**Data section:**
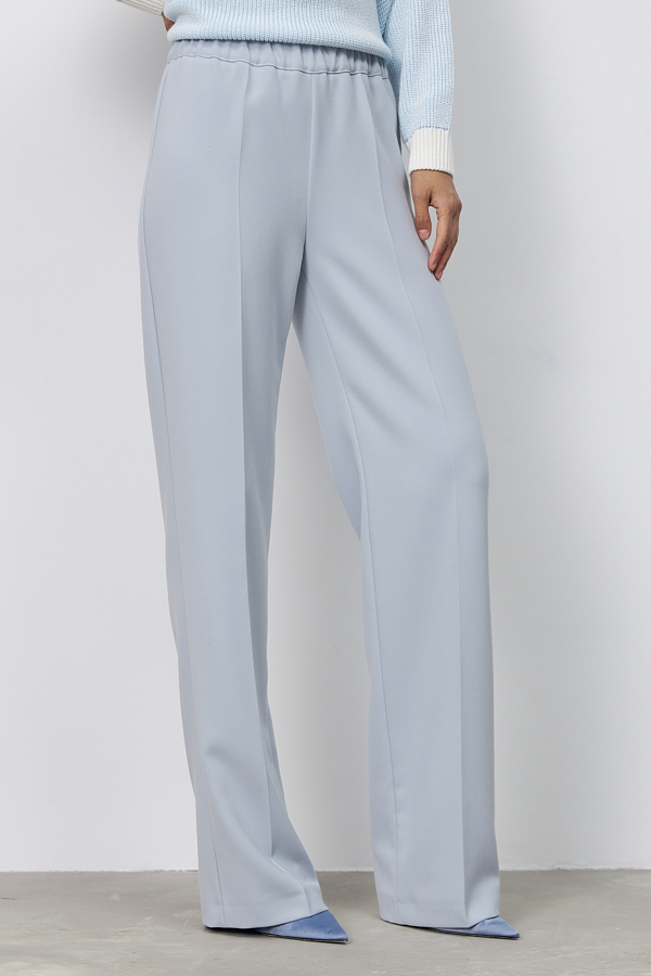 Брюки прямого силуэта из костюмной ткани. Пояс притачной с эластичной резиной.
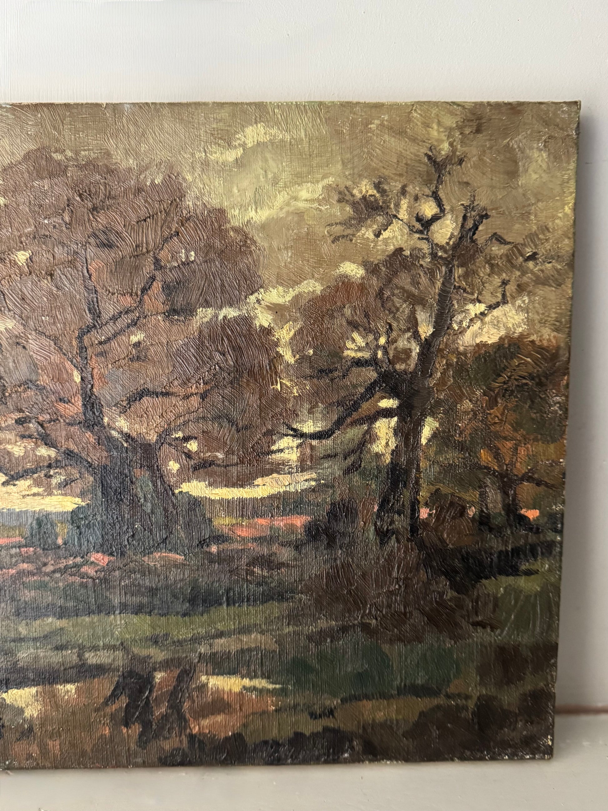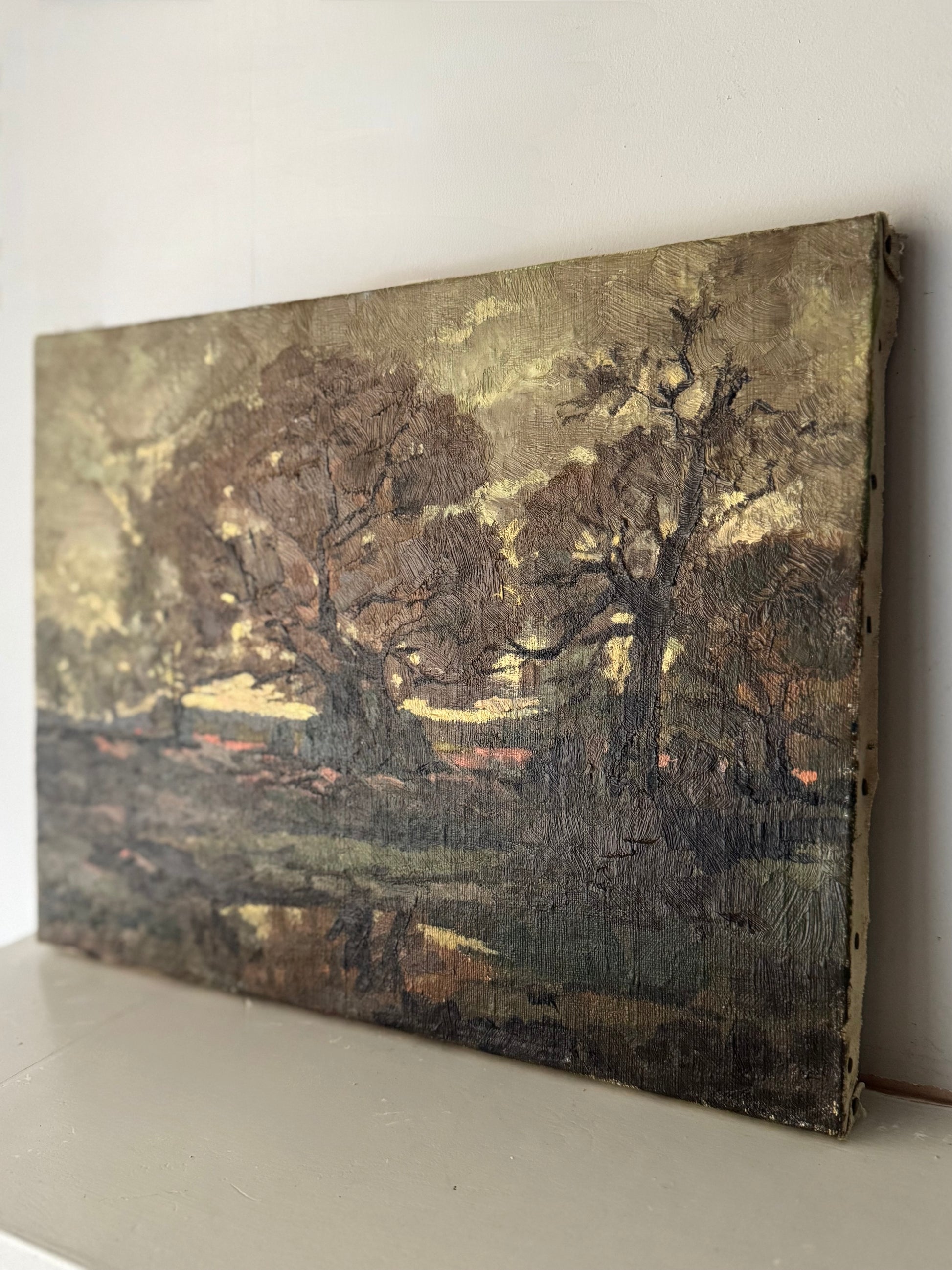 Beautiful vintage French moody landscape painting. Oil on canvas. Love the touches of pink in this dark and moody landscape.
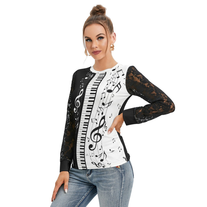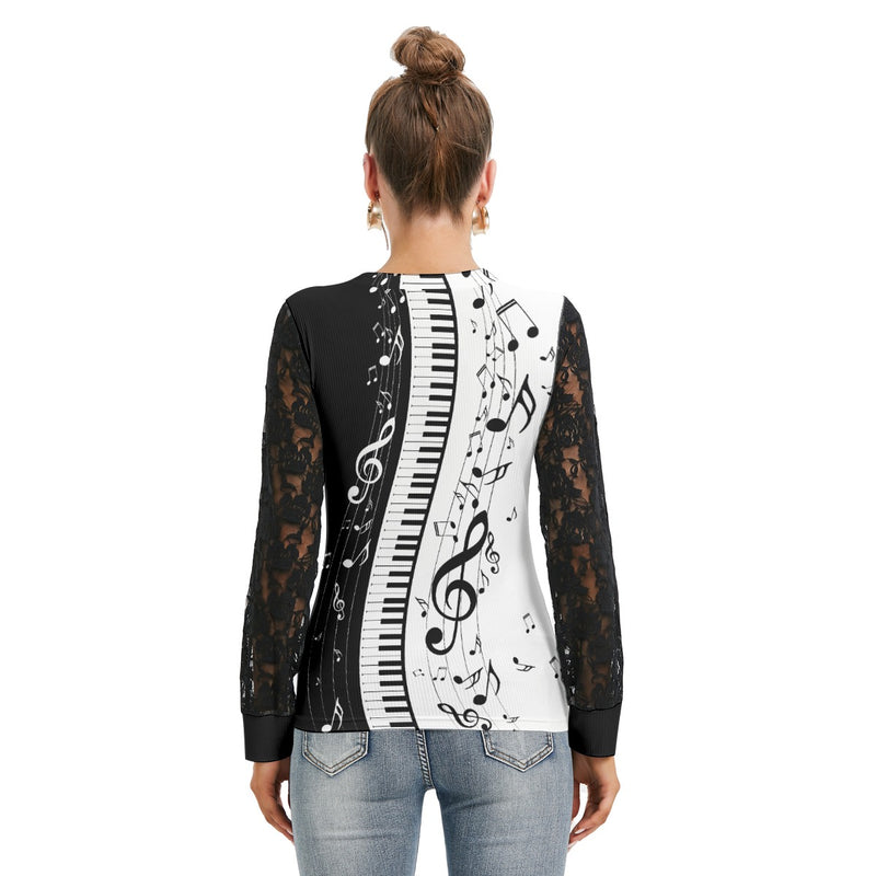 Elevate your everyday style with this striking Piano Print Lace Sleeve Top, where artistic flair meets wearable comfort. The sophisticated black and white palette features an intricate blend of music notes and piano keys, celebrating your love for music in understated elegance.

**About this task:**
Leaving out all pictures, transcribe the listing exactly.

**Written answer:**
 Брюки прямого силуэта из костюмной ткани. Пояс притачной с эластичной резиной.
 Beautiful vintage French moody landscape painting. Oil on canvas. Love the touches of pink in this dark and moody landscape.
 Elevate your everyday style with this striking Piano Print Lace Sleeve Top, where artistic flair meets wearable comfort. The sophisticated black and white palette features an intricate blend of music notes and piano keys, celebrating your love for music in understated elegance.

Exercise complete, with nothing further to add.